She wanted to surprise her parents, spend a few free days at home, tell them what the first semester at a respected college feels like. Instead, Any Lucia Lopez Belloza’s trip ended in handcuffs, on a military base, in a Texas detention center, and finally in Honduras, a country she had not seen since childhood. And all of that despite a federal judge explicitly ordering that she was not allowed to leave Massachusetts or the United States. The sequence of events reads like a story that should not be possible, and yet it is bitter reality. On the morning of November 20, the 19-year-old stood at Boston airport with her ticket to Texas in hand, luggage checked, security cleared. A federal agent suddenly told her there was a problem with the boarding pass. Minutes later she found herself surrounded by armed ICE officers, without her phone, without a way out, completely surprised by what they told her: that there was a deportation order from 2015.

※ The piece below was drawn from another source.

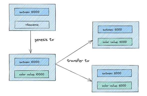 早期的染色币,基本使用脚本的OP_RETURN操作码来存储关于资产的元数据,在SegWit与Taproot升级后,新的衍生协议有了更多的选择。

Only, there is no evidence for that. The only entry that exists states that the case was closed in 2017. The alleged order ICE now refers to appears nowhere. Nevertheless, the agency treated the student as if she had deliberately ignored requirements for years. Within 48 hours she was moved through several facilities: from the Boston Processing Center to a military base, from there to a Texas detention center, and finally onto a plane to Honduras, shackled at her hands and feet.
Meanwhile, a judge had already issued an emergency order: for 72 hours the young woman was not allowed to leave the state or the country. That order was clear. ICE ignored it anyway. The agency remains silent. For the family in Austin, the first call from their daughter after days was a moment of shock. The father first thought it was a scam attempt, until he heard his daughter’s sobbing and realized that something unimaginable had happened. The family knew nothing about an old order. If it had existed, the father says, they would never have sent their daughter on the trip alone. Now the girl is sitting with her grandparents in Honduras. Her studies at Babson College, fought for with enormous effort and started full of hope, are now at risk. “I am losing everything,” she said, and it does not sound like a phrase one says lightly, but like a sober conclusion.

The case would already be a scandal on its own, but it is part of a growing number of proceedings in which speed is placed above law, political toughness above care. In the meantime, she was able to rely on attorney Todd Pomerleau, who is also involved in the case of Bruna Ferreira, the mother of the nephew of press secretary Karoline Leavitt, whose alleged “battery” has not appeared in any public registry to this day. Because it simply does not exist. In that case it was Michael Leavitt, the press secretary’s brother and Ferreira’s former fiancé, who suddenly “remembered” that they had indeed lived together at the time, something that was impossible to overlook given the family photos. But the workload has long reached its limit, and it gets worse every day as the cases pile up. We currently have well over 600 cases on our desks, and for every one completed, two new ones come in.

Michael Leavitt, Michael Leavitt Junior and Bruna Ferreira - See also our article: “The mother of Karoline Leavitt’s nephew in ICE custody” - at the link: https://kaizen-blog.org/en/die-mutter-von-karoline-leavitts-neffen-in-ice-haft/
In the end, the picture looks very different, much more sober: authorities that do not respond to warnings, a court order that is ignored, and families pulled out of their everyday lives within hours. For those affected, this is not about headlines or public toughness, but about lost chances, ruined plans, and the realization that a single form or a single wrong decision is enough to push an entire life off track. Any Lucia Lopez Belloza wanted to fly home to make her family happy. Instead, her case shows how a system works that no longer exercises control, but causes harm without restraint. And that is the truly disturbing part of this story: that it can happen again at any time.